Provided entries:
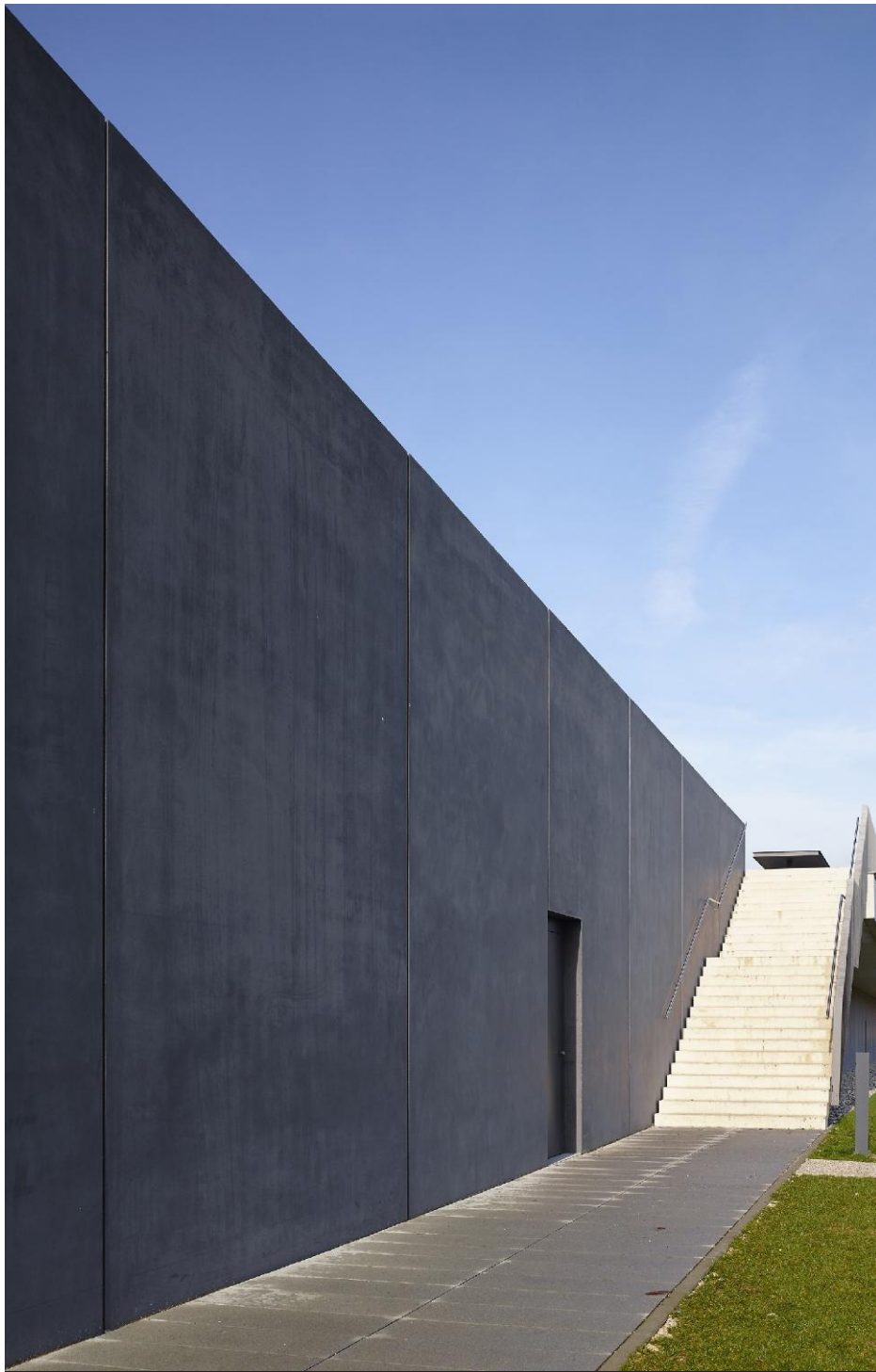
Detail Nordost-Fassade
---
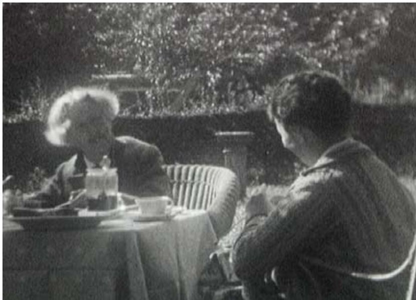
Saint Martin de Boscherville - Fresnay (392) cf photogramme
* * *
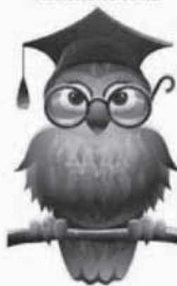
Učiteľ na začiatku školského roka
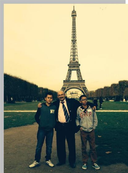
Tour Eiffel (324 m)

Exercise objective:
The answer is the lines of the material above, from the one containing "Učiteľ na začiatku školského roka" down to the one containing "Tour Eiffel (324 m)", given exactly and without images.

Solution for this exercise:
Učiteľ na začiatku školského roka
Tour Eiffel (324 m)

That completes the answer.